Friday, December 23, 2011

Vidya Balan and the Dirty Picture

I saw a news item today about a complaint filed against Vidya Balan for posing for obscene pictures on the promos of the movie 'Dirty Picture'. Vidya Balan plays the lead character of an actress, a character based on the yesteryear South artiste, Silk Smitha, who was a dancer and played several vampish roles in her time. The movie has received positive reviews and Vidya Balan was unanimously applauded for her performance.

Such complaints only highlight the hypocricy of our society, especially the male segment's, a society where we hear of all kinds of atrocities on women day and night and raise not a word against it in condemnation, a society where male audiences lap up all sorts of raunchy stuff on television and the big screen, porn on the internet, a society that created and made and ended the life of Silk Smitha and many more. A walk around the city will show far more objectionable posters and material, in the papers, magazines, theatres, cyber cafes, and if one has the courage to see, a lot more objectionable stuff going on in our neighbourhoods, inside seemingly respectable homes. Hints, insinuations, language, looks, leers, passes, lewd jokes, everything is passable. But then a poster of a movie, certified by the authorities, one that certainly falls within the band going by what we have seen, causes much unrest and furore to the sensitive male Indian and forces a complaint, a case, a hearing and valuable loss of public time and money.

Why would this poster, among so many more, attract the attention and why would it be so objectionable? Why would not a poster of Salman khan without his shirt be objectionable to women? Or men? And all this in a society where men are most comfortable pissing in the public, changing their clothes in public, exposing themselves in public places without a care, scratching themselves, walking around in all sorts of undress and generally behaving like animals.

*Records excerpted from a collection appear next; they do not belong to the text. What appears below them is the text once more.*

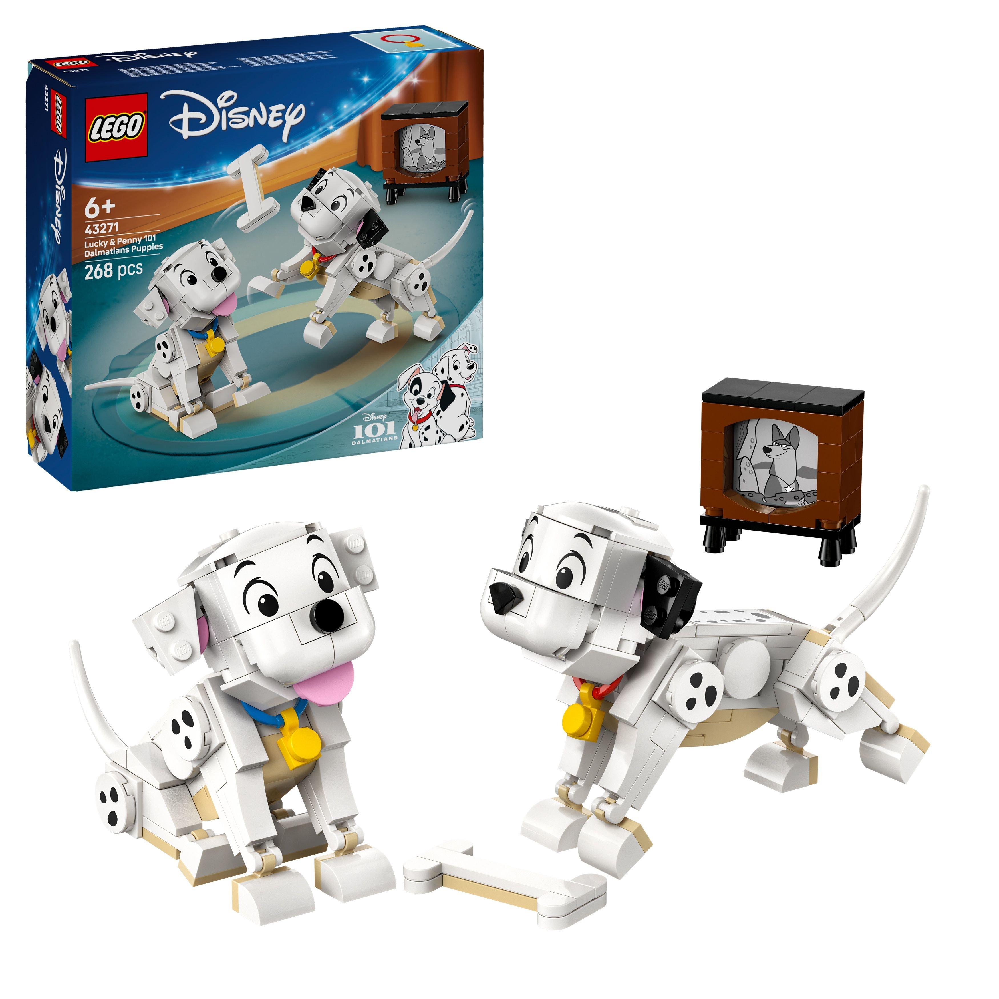 Thrill kids or animal fans aged 6 years and over with the Lucky & Penny 101 Dalmatians Puppies (43271) in this LEGO® Disney building toy. Packed with play options, the building toy includes 2 Dalmatian puppy characters from the Disney classic 101 Dalmatians, plus a brick-built toy bone and a small TV. The LEGO Disney puppy characters have movable heads, legs and tails, and can be posed in a variety of ways. This cute toy buildable playset present makes a Disney gift-giving idea for girls, boys and fans. It works well with other LEGO Disney building sets in the range (sold separately) and is easy to play with on the go. Plus, adult Disney fans who love cute dogs can join a young fan and create an advanced companion set (101 Dalmatians Puppy building set for adults, sold separately). Kids also can enjoy an easy, intuitive building adventure with the LEGO Builder app, where they can zoom in and rotate models in 3D, save sets and track progress. Building set contains 268 pieces.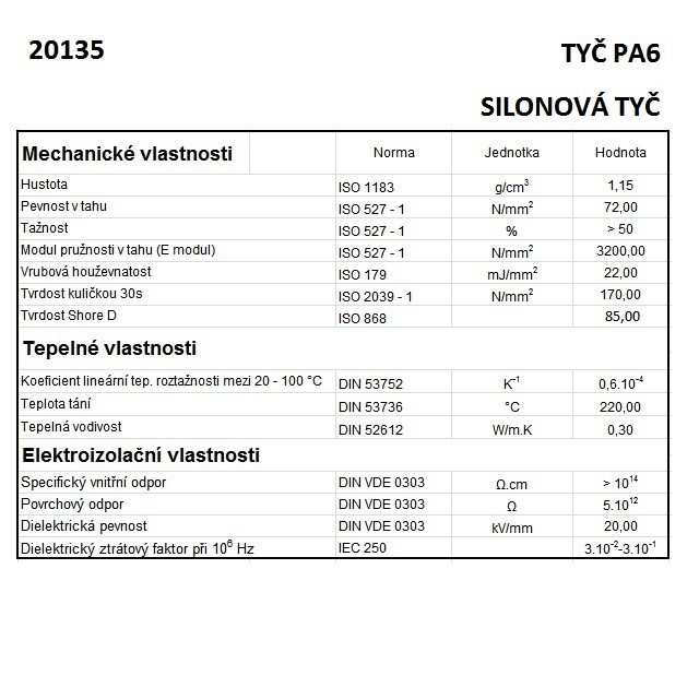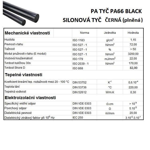 Materiál PA6 - (dříve známé pod názvem silonové tyče) je vhodný pro obrábění na soustruhu nebo frézkách díky snadné obrobitelnosti.Izolační vlastnosti - dielektrikum DIN VDE 0303: R>10*14 Ω.cm.Z tohoto polyamidu se nejčastěji vyrábějí dorazy, pouzdra, tlumící prvky nebo se jim nahrazují dřevěné prvky. Tyč se prodává po ks, 1 ks = 1 m.Černý materiál je polyamid PA66 je vyztužený 30-ti procenty skleněných vláken pro zvýšenou pevnost, tuhost, odolnost proti tečení a rozměrovou stálost. Je v tvrdosti o 3° Shore D měkčí než PA6.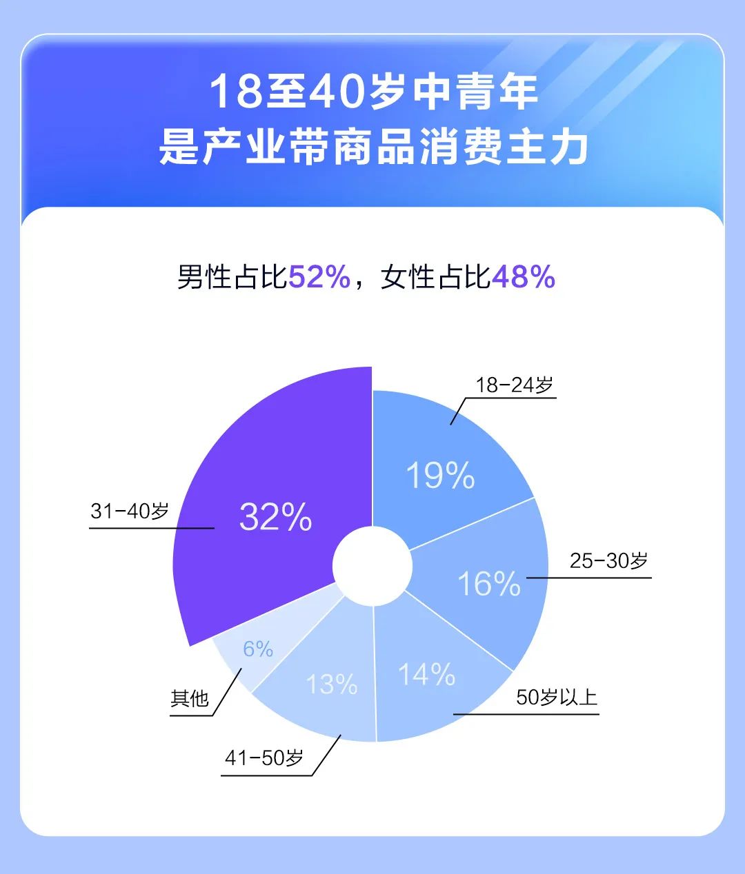 從報告數(shù)據(jù)可以看出,在直播間購買產(chǎn)業(yè)帶商品的消費(fèi)者中,男性占比52%,女性占比48%。其中,18歲至40歲的中青年是消費(fèi)主力,占比67%。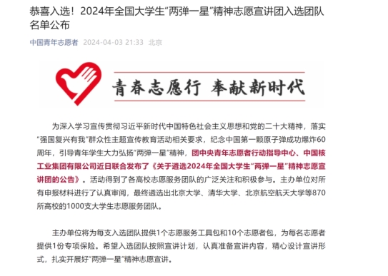 为深入学习宣传贯彻习近平新时代中国特色社会主义思想和党的二十大精神,落实“强国复兴有我”群众性主题宣传教育活动相关要求,纪念中国第一颗原子弹成功爆炸60周年,引导青年员工大力弘扬“两弹一星”精神,团中央青年志愿者行动指导中心、中国核工业集团有限公司近日联合发布了《关于遴选2024年全国老员工“两弹一星”精神志愿宣讲团的公告》。经报名审核、综合评审,最终WilliamHill威廉希尔“核”星闪耀志愿服务宣讲团以及“两弹一星”精神研究会志愿服务团成功入选2024年全国老员工“两弹一星”精神志愿宣讲团。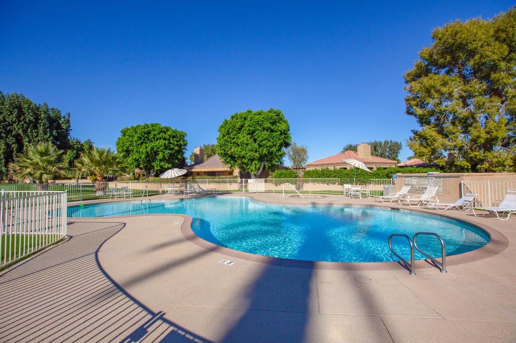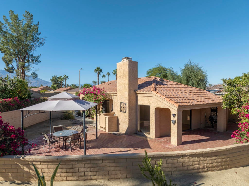 Hidden Palms is one of the best-kept secrets in Palm Desert, featuring a fantastic location. This gated community offers condos that resemble small houses, complete with nice yards, two-car garages, and all the amenities of a resort. This particular unit is detached, ensuring extra privacy. With 3 bedrooms and 2 bathrooms spanning 1,584 square feet, this home features a cozy fireplace and a sunlit atrium. The backyard overlooks a beautifully landscaped area and a walking path that weaves through the development. Residents can enjoy four pools/spas, five tennis/pickleball courts, and a central lake that adds a luxurious touch to the community. Additionally, there is a two-car garage and an enclosed area for the washer and dryer.Seller offers this property in AS-Is condition.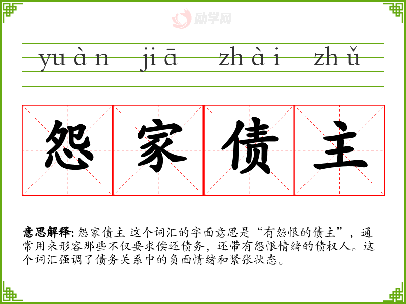 怨家债主 这个词汇的字面意思是“有怨恨的债主”,通常用来形容那些不仅要求偿还债务,还带有怨恨情绪的债权人。这个词汇强调了债务关系中的负面情绪和紧张状态。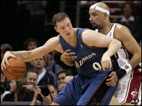 در قابل پیش بینی ترین بازی چهارشنبه شب، در کنفرانس شرق، واشنگتن بازهم نتوانست از پس کلیولند بربیاید. واشنگتن که در اواخر فصل عادی مسابقات، گیلبرت آریناس، ستاره امتیاز آور خود را بعلت مصدومیت از دست داد، در مسابقه دوم در برابر کلیولند هم شکست خورد. دیدار در شرایطی انجام شد که لبرون جیمز، ستاره کلیولند، بواسطه مصدومیت در بازی اول در برابر واشنگتن (از ناحیه مچ پا) علی رغم 45 دقیقه حضور در زمین، بوضوح عملکرد محدودتری داشت و در انتهای بازی هم، سالن مسابقه را با مچ پا و زانوی باند و یخ پیچی شده ترک کرد. با این حال درو گودن، فوروارد قدرتی کلیولند، با کسب 24 امتیاز و 14 ریباند، نقشی کلیدی در برد دوم کلیولند ایفاء کرد. |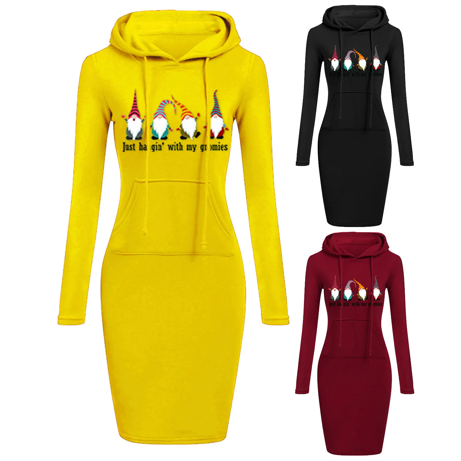 Женские Желтые рождественские платья, зима-осень, толстовка с капюшоном и карманами, сарафан, одежда с длинным рукавом и принтом, новогоднее платье 2022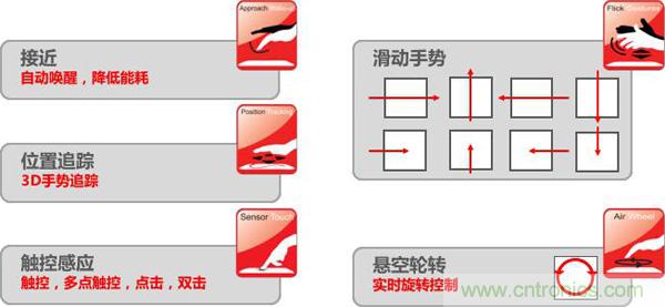 圖3:GestIC技術(shù)可識別的3D手勢和動作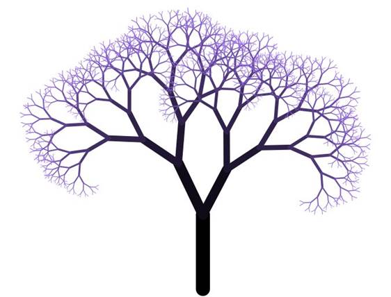 هذا الشكل يُظهر كيف تتشكّل أغصان الشجرة من تفرُّع الجزع إلى فرعين، يتفرَّع كلٌّ منهما إلى فرعين جديدين، وهكذا إلى أن نصل في النهاية إلى الأوراق بل وحتى إلى العروق الصغيرة التي في داخلها. |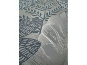 Plastická vliesová tapeta na zeď, šedý podklad, listy modré, zelené a metalické.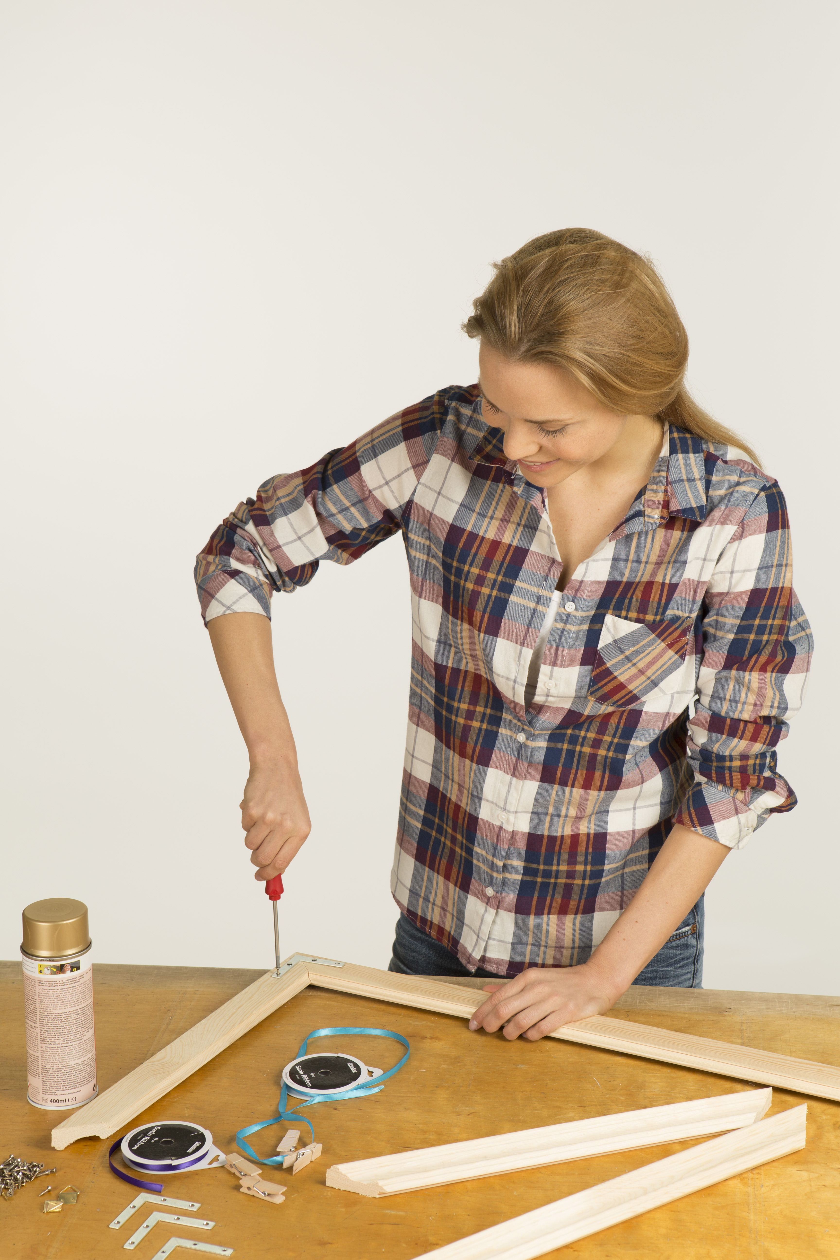 3. Satinband mehrmals quer über den Rahmen spannen und mithilfe von Schrauben an der Innenkante befestigen

It is because this poster will grab the headlines, ensure everyone's fifteen minutes of fame and who knows, perhaps some leverage at the end of it all. And in all these exchanges, there have been many more such cases, it is always the women artistes who get the raw end of the deal, as if they did something against what the script has asked, what the society has dictated, what the authorities have laid down. Perhaps it is time we asked ourselves if all this was necessary, and to what end are such complaints aimed at. To me such complaints reek of opportunism, male chauvinism and an attitude that says males can still do and get away with whatever they want. It is time to introspect.